Gina Torino enganchó el tacón de su gastada bota en el travesaño inferior de la verja de madera. Apoyó los brazos en el travesaño superior y miró el prado que se extendía ante ella. El sol brillaba, la hierba era verde y abundante y un potrillo recién nacido trotaba junto a su madre.
– ¿Ves, Shadow? -le susurró a la satisfecha yegua-. Te dije que todo iría bien.
La noche anterior, Gina no había estado tan segura. Hacer de comadrona para la yegua que había criado desde la infancia la había aterrorizado. Pero en ese momento podía sonreír y disfrutar.
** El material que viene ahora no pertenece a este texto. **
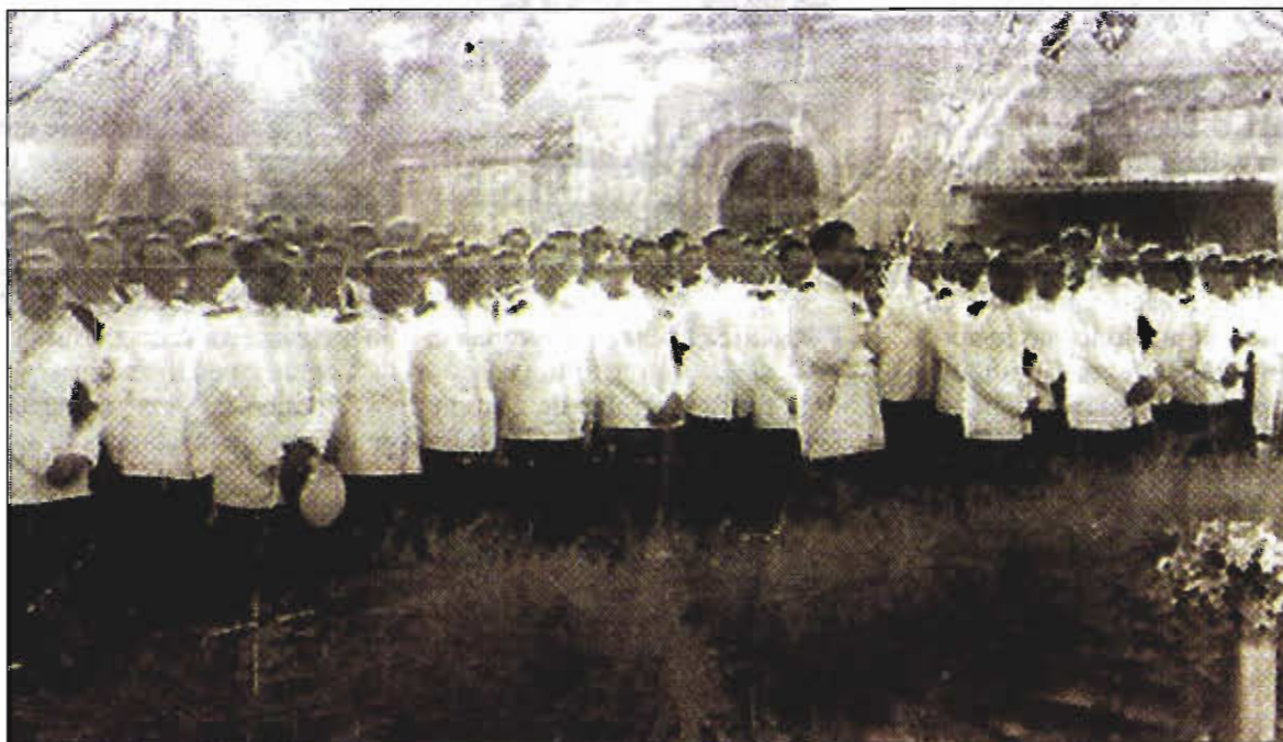
RECUERDOS. Una nueva asociación italiana impulsa la recuperación de la historia del acorazado "Roma" (imagen superior) cuyos marineros de escolta recalaban en Menorca. La foto inferior muestra la conmemoración del 60 aniversario del entierro de las víctimas del hundimiento.

Siguió con la vista a la yegua negra y blanca paseando con el potrillo recién nacido pegado a sus patas peludas. Los caballos de tiro Gypsy eran los más bonitos que Gina había visto nunca. El pecho ancho, el porte del cuello y las «plumas», pelos largos y delicados que flotaban alrededor de sus cascos, creaban un conjunto de aspecto exquisito. La mayoría de la gente les echaba un vistazo y pensaban que eran Clydesdale miniatura. Pero los Gypsy eran algo muy distinto.
Relativamente pequeños, pero fuertes, originariamente habían sido criados por los gitanos ambulantes que les dieron su nombre: Gypsy. Podían tirar de carretas y caravanas cargadas, y eran tan mansos que acababan siendo parte de la familia. Eran muy gentiles con los niños y leales hacia sus dueños.
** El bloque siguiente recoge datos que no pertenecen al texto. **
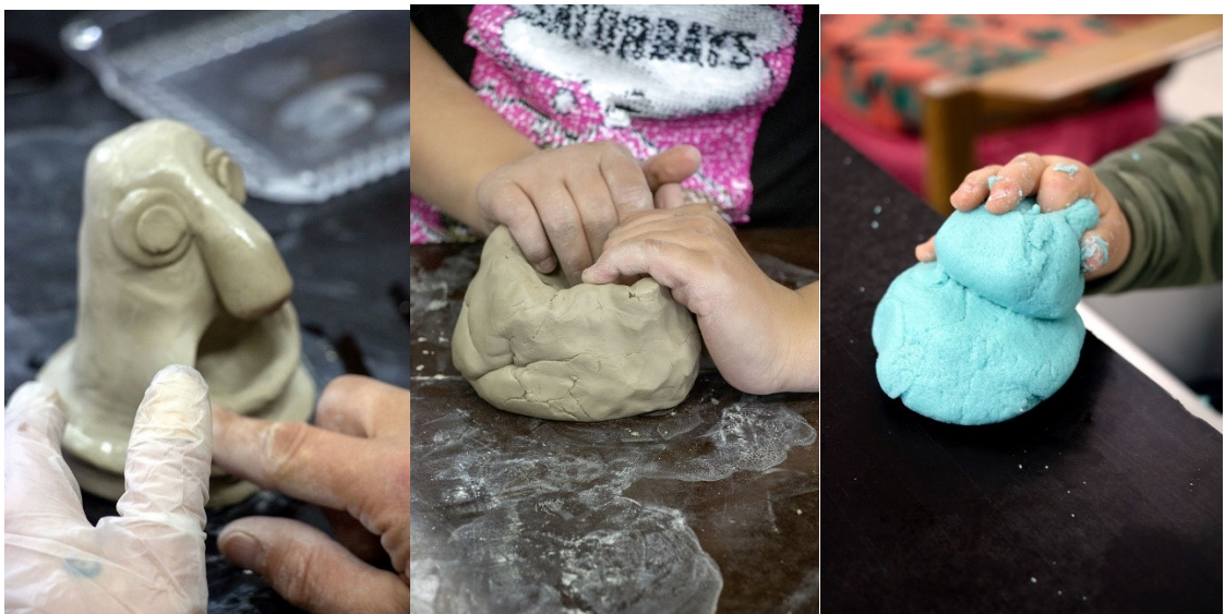
Kuva 6. Työskenteleviä käsiä ja uusia aloituksia.

Para Gina los caballos eran más que animales que se criaban y vendían: eran familia.
– Los mimas como si fueran bebés.
Gina ni siquiera se dio la vuelta cuando oyó a su madre hablar a su espalda. Era una discusión que venía de largo; su madre alegaba que Gina pasaba demasiado tiempo con los caballos e insuficiente buscando marido.
– No tiene nada de malo.
– Deberías tener tus propios bebés.
Gina puso los ojos en blanco, agradeciendo que su madre no pudiera ver el gesto. Teresa Torino no tenía en cuenta la edad de sus hijos. Si hacían algo que no le gustaba, les daba un coscorrón igual que cuando eran niños. Gina pensó que si tuviera sentido común, se habría ido, como dos de sus tres hermanos mayores.
– Sé que estás poniendo los ojos en blanco.
Sonriendo, Gina miró por encima del hombro. Teresa Torino era baja, regordeta y de ideas fijas. Su pelo negro empezaba a encanecer y no se molestaba en teñírselo; prefería recordar a la familia que se había ganado esas canas a pulso. Tenía ojos marrones y agudos, a los que se les escapaba bien poco.